Phase 5: DeepQ with Segmentation
Introduction
This experimentation discussed in the preceding phases led us to a solution that can finish the first level of Sonic and generalizes fairly well to unseen environments. This solution involves generating a synthetic dataset of images from the game to train a DeepLab V3 semantic segmentation model. We then apply this trained model to the Sonic emulator as a preprocessing step to feed segmented images into a Deep Q Learning Agent. The Deep Q Learning Agent was then on several levels of Sonic to develop the optimal policy of state-action pairs to support generalization on unseen environments.
DeepQ with Image Segmentation
Once the Image Segmentation Model is trained, it is added to the beginning of the DeepQ Model.
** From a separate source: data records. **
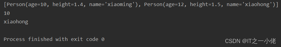 data2 = [Person(10, 1.4, 'xiaoming'), Person(12, 1.5, 'xiaohong')]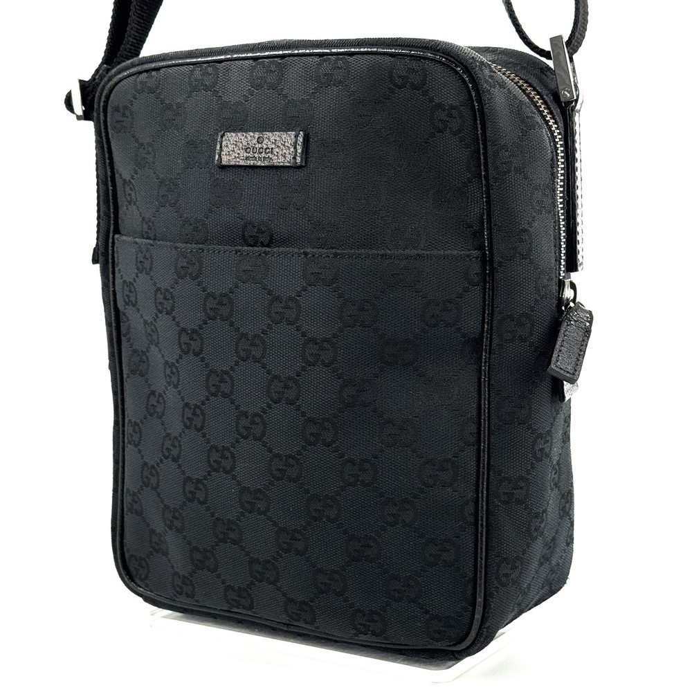 GUCCI GG Canvas Leather Crossbody Shoulder Bag Black Authentic Japan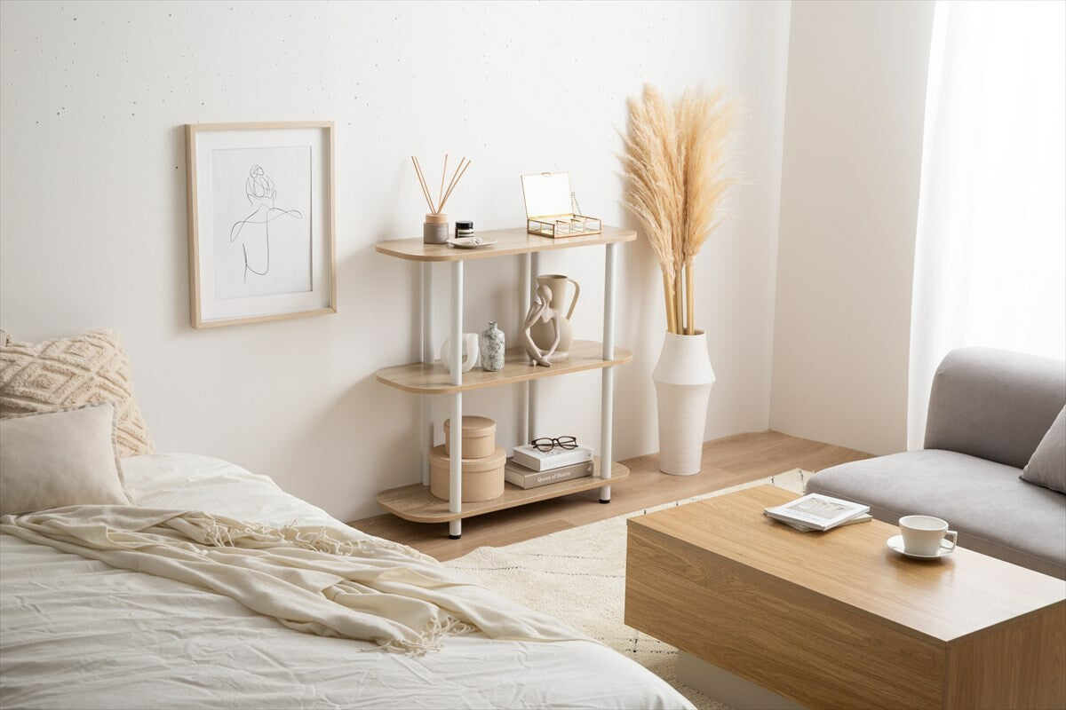 韓国インテリア風木製ボード3段ラックは、シンプルでスタイリッシュなデザインが特徴の多用途な収納アイテムです。高品質な木材を使用し、耐久性と美しい仕上がりを実現。幅80cm、奥行35.2cm、高さ80cmのサイズで、リビングルームや寝室、オフィスなど様々な場所で活用可能。組み立てが簡単で、各棚の耐荷重は15kgと安定感があります。書籍や装飾品、日用品の整理に最適なこのラックは、部屋の雰囲気を一層引き立てます。

During inference, the game image is passed through the Image Segmentation Model which classifies each pixel and outputs the segmented image. The output image has the same width and height as the input image put only has 1 channel. This channel contains the classifications of each pixel. This image is easier to make decisions on because the image is simplified into what each pixel is. Redundant and noisy pixels are cleaned up so that DeepQ only needs to see what's relevant for making decisions. But this only mitigates the “Curse of Dimensionality” slightly. The segmented image is still large and therefore requires a smaller but still large DeepQ model to extract meaningful information necessary for decision making. The real benefit of image segmentation is that the image can be made smaller without losing significant information. Most adjacent pixels are the same anyway, so shrinking the image will result in an image very similar to the original. This results in a smaller DeepQ model with fewer nodes and fewer layers. This smaller DeepQ model can be trained many times faster without reducing the total model's overall potential.